Write out, with no changes, every line starting at the one that contains "该工具专注于解析应用集成的第" and ending at the last line of the data below. Leave pictures out.

▸ Provided material

# # #

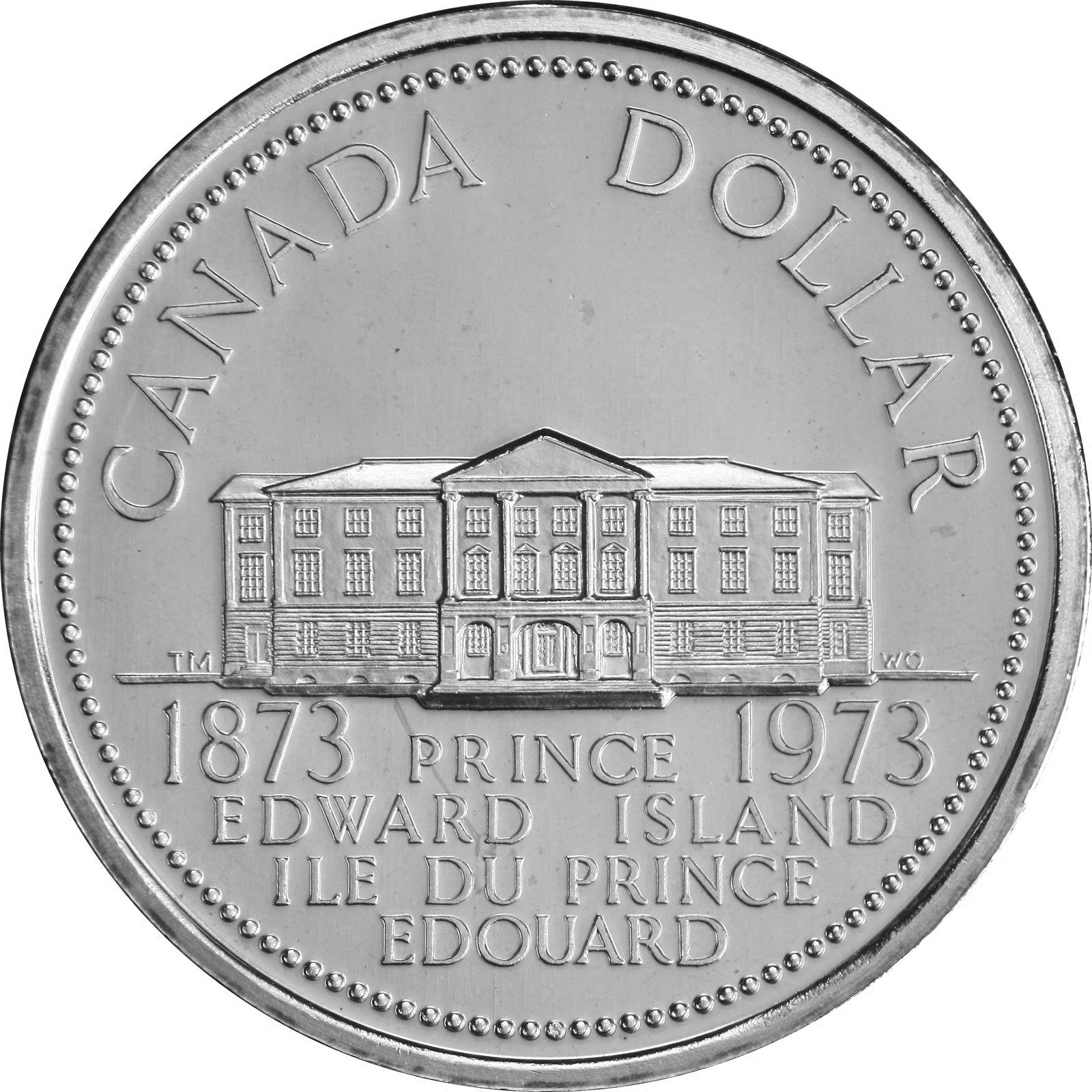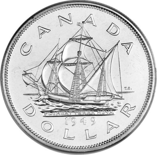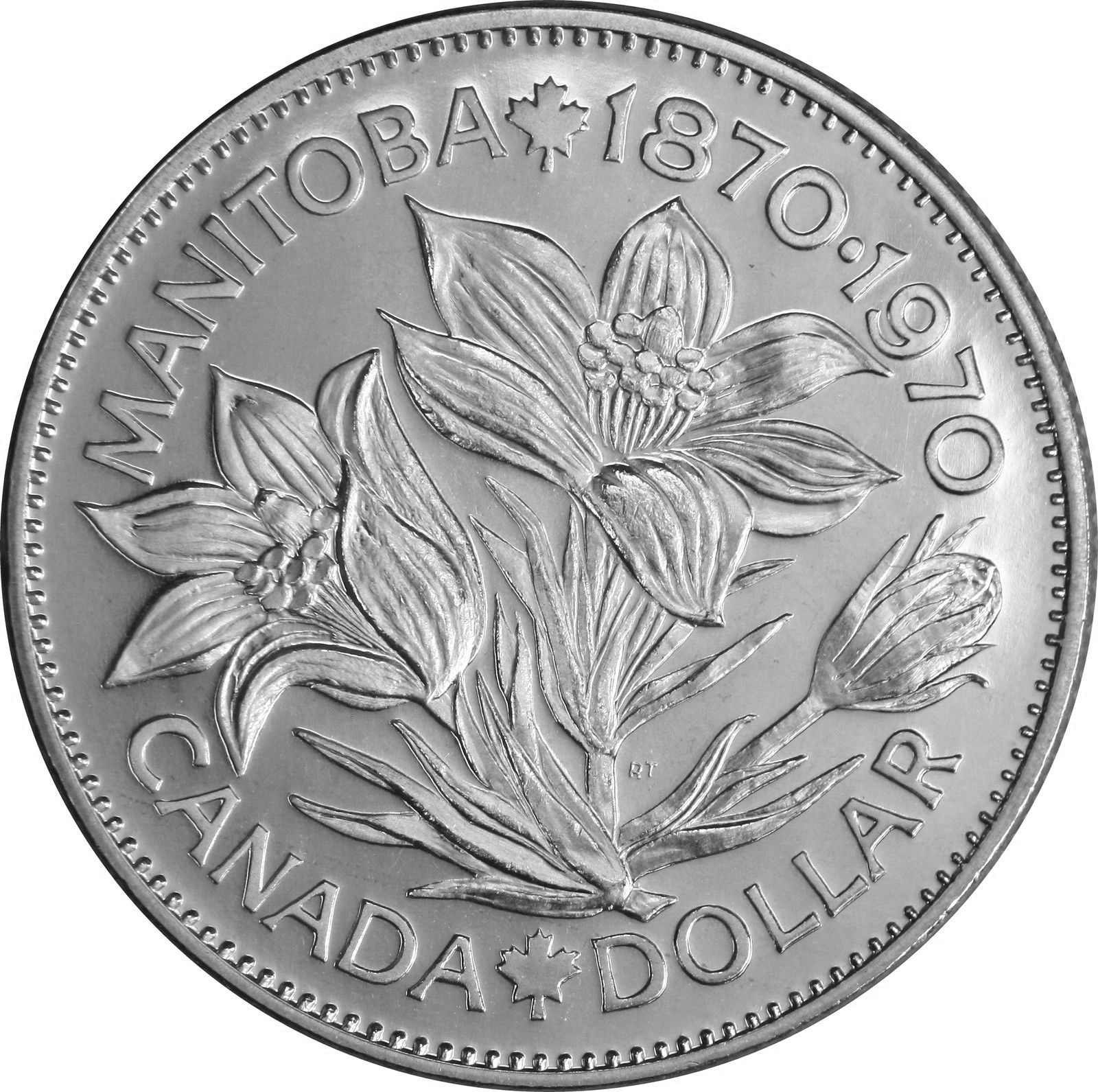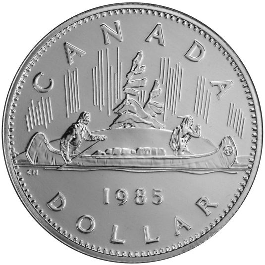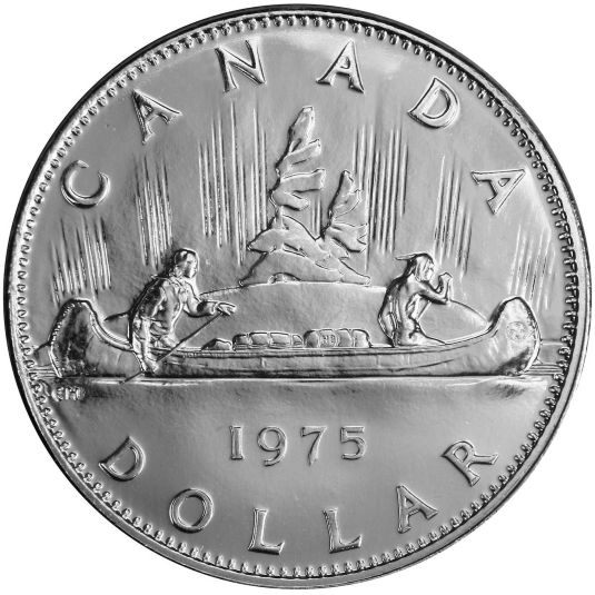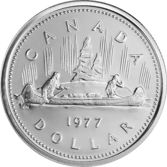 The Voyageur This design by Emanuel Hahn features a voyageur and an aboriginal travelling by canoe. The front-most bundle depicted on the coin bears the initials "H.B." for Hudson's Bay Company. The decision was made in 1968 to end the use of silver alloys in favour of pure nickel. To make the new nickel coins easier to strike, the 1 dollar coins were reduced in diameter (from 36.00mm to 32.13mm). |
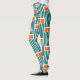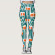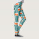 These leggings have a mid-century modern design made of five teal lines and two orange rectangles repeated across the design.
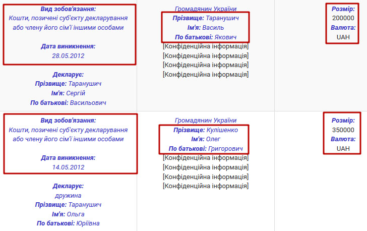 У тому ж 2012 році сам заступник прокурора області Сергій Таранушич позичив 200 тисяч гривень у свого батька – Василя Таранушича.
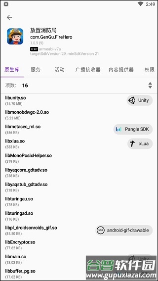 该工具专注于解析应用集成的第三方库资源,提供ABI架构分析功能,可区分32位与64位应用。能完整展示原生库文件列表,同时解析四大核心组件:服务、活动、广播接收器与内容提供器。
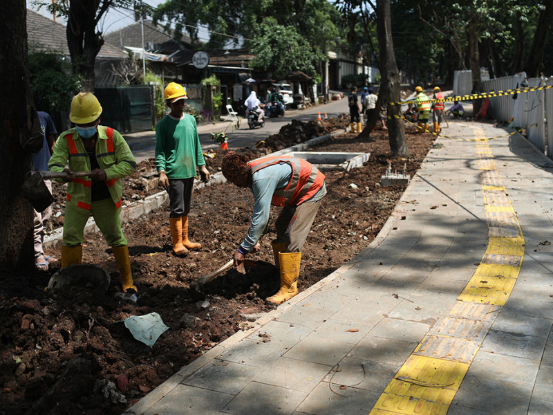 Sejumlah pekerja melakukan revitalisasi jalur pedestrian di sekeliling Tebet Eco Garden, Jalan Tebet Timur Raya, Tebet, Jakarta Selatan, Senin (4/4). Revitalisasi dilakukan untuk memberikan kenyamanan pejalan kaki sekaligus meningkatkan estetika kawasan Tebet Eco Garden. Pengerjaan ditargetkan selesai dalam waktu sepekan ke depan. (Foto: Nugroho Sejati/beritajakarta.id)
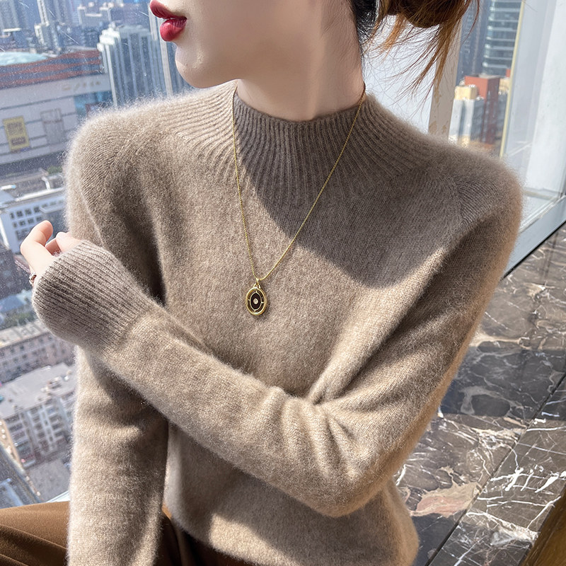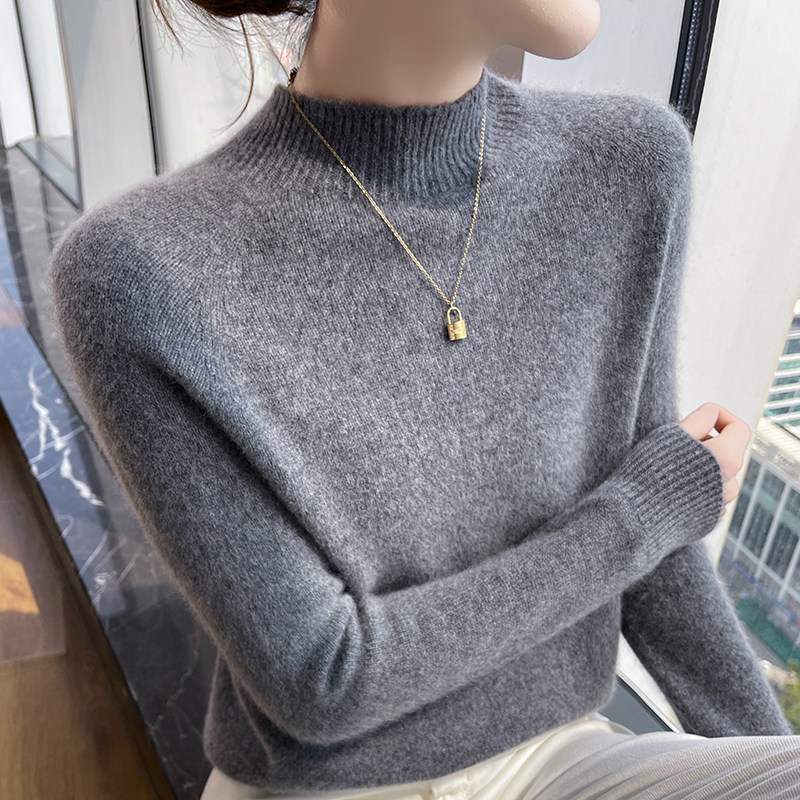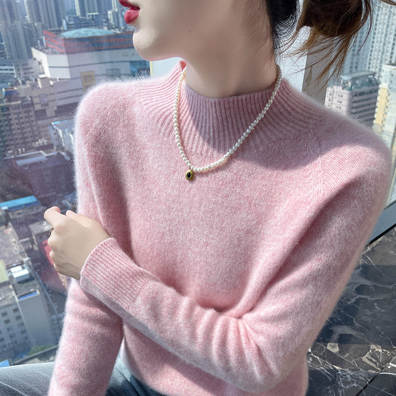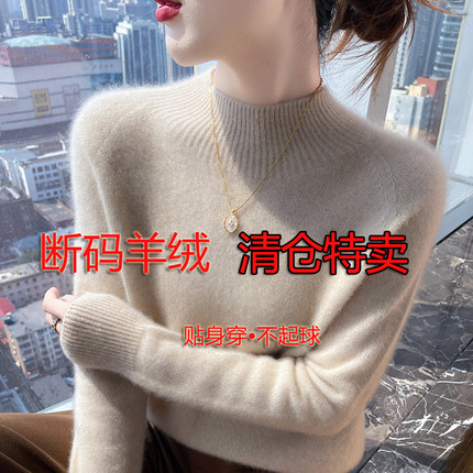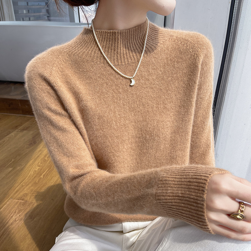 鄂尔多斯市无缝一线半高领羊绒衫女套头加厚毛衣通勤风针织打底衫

# # #

▸ Solution to the problem
 该工具专注于解析应用集成的第三方库资源,提供ABI架构分析功能,可区分32位与64位应用。能完整展示原生库文件列表,同时解析四大核心组件:服务、活动、广播接收器与内容提供器。
 Sejumlah pekerja melakukan revitalisasi jalur pedestrian di sekeliling Tebet Eco Garden, Jalan Tebet Timur Raya, Tebet, Jakarta Selatan, Senin (4/4). Revitalisasi dilakukan untuk memberikan kenyamanan pejalan kaki sekaligus meningkatkan estetika kawasan Tebet Eco Garden. Pengerjaan ditargetkan selesai dalam waktu sepekan ke depan. (Foto: Nugroho Sejati/beritajakarta.id)
 鄂尔多斯市无缝一线半高领羊绒衫女套头加厚毛衣通勤风针织打底衫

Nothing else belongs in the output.